◆ WHAT IS BEING ASKED: The records below must be transcribed exactly, with each picture left out.

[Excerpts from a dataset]
☆ ☆ ☆ ☆
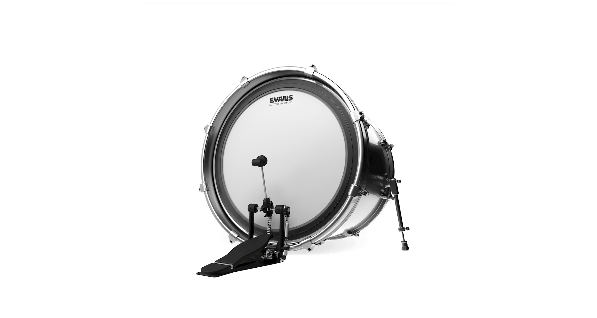 Fata de bataie EMAD UV, pentru toba mare, este una dintre cele mai versatile si mai rezistente fete de toba cu un singur strat. Din punct de vedere sonor, aceasta fata are un atac echilibrat, sustain lung si un ton "bright". Datorita tehnologiei EMAD, aceasta permite si ajustarea atacului, sustain-ului si a focusului. De asemenea, fetele Evans dispun si de tehnologia Level 360, ce faciliteaza acordarea si extinde intervalul tonal.
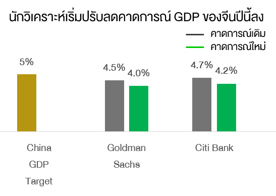 - นักวิเคราะห์เริ่มทยอยปรับลดคาดการณ์ GDP ของจีนปีนี้ลงจากผลกระทบของมาตรการภาษี Citi Bank คาดว่า GDP ของจีนปีนี้จะขยายตัวเหลือ 4.2% จากเดิม 4.7% ขณะที่ Goldman Sachs คาดว่า GDP จีนจะขยายตัวเหลือ 4% จากเดิม 4.5% ด้านทางการจีนได้เคยเปิดเผยเป้าหมายการขยายตัวของเศรษฐกิจปีนี้ที่ 5%
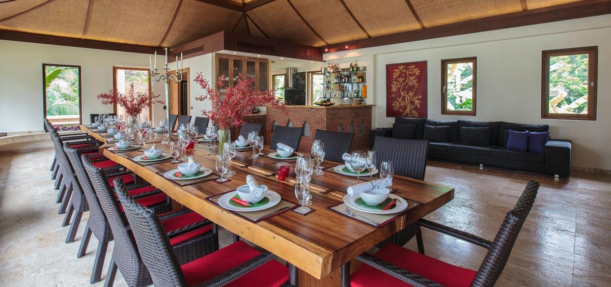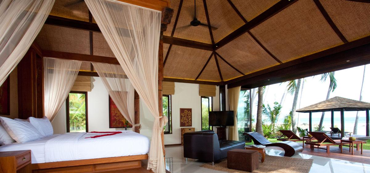 Each of the nine beachfront and sea view bedrooms at Villa Kalyana are drenched in unfolding views with the utmost attention to detail. The suites are highly appointed, with Smart Internet LED TV’s and Ipad / Ipod Docking Stations. Individual interior designs feature exquisite far eastern antiques, enhancing the Orient feel of the estate.
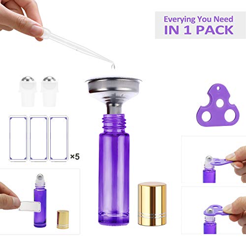 Roll On Vuoto per Oli Essenziali, Profumi, 10ml - Sfera in Acciaio Inossidabile, Confezione da Regalo per Ogni Bottiglietta, Accessori Inclusi, Handy Picks (Viola, 7 Pezzi)
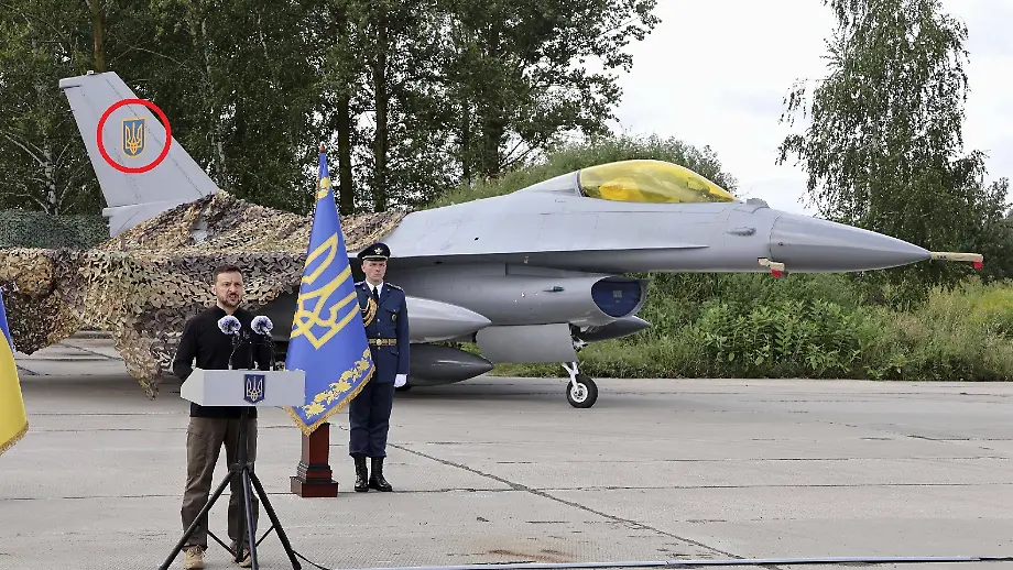 Präsentation an geheimem OrtSelenskyj zeigt erste F-16-Jets mit Ukraine-Wappen
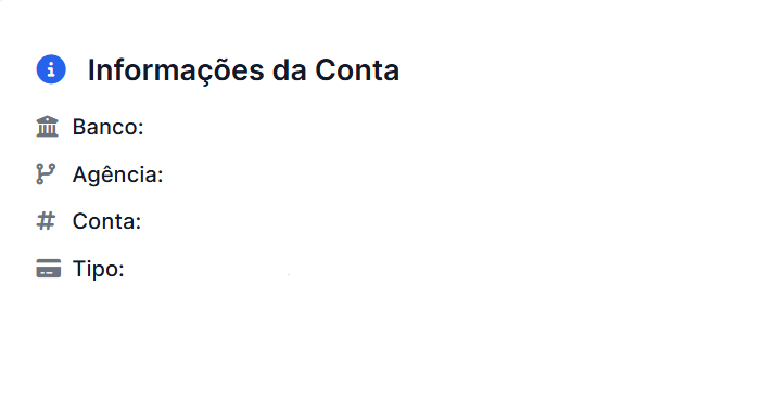 Agência / Conta / Tipo: Dados completos para transferências externas.
☆ ☆ ☆ ☆
◆ ANSWER TO THIS PROBLEM:
 Fata de bataie EMAD UV, pentru toba mare, este una dintre cele mai versatile si mai rezistente fete de toba cu un singur strat. Din punct de vedere sonor, aceasta fata are un atac echilibrat, sustain lung si un ton "bright". Datorita tehnologiei EMAD, aceasta permite si ajustarea atacului, sustain-ului si a focusului. De asemenea, fetele Evans dispun si de tehnologia Level 360, ce faciliteaza acordarea si extinde intervalul tonal.
 - นักวิเคราะห์เริ่มทยอยปรับลดคาดการณ์ GDP ของจีนปีนี้ลงจากผลกระทบของมาตรการภาษี Citi Bank คาดว่า GDP ของจีนปีนี้จะขยายตัวเหลือ 4.2% จากเดิม 4.7% ขณะที่ Goldman Sachs คาดว่า GDP จีนจะขยายตัวเหลือ 4% จากเดิม 4.5% ด้านทางการจีนได้เคยเปิดเผยเป้าหมายการขยายตัวของเศรษฐกิจปีนี้ที่ 5%
 Each of the nine beachfront and sea view bedrooms at Villa Kalyana are drenched in unfolding views with the utmost attention to detail. The suites are highly appointed, with Smart Internet LED TV’s and Ipad / Ipod Docking Stations. Individual interior designs feature exquisite far eastern antiques, enhancing the Orient feel of the estate.
 Roll On Vuoto per Oli Essenziali, Profumi, 10ml - Sfera in Acciaio Inossidabile, Confezione da Regalo per Ogni Bottiglietta, Accessori Inclusi, Handy Picks (Viola, 7 Pezzi)
 Präsentation an geheimem OrtSelenskyj zeigt erste F-16-Jets mit Ukraine-Wappen
 Agência / Conta / Tipo: Dados completos para transferências externas.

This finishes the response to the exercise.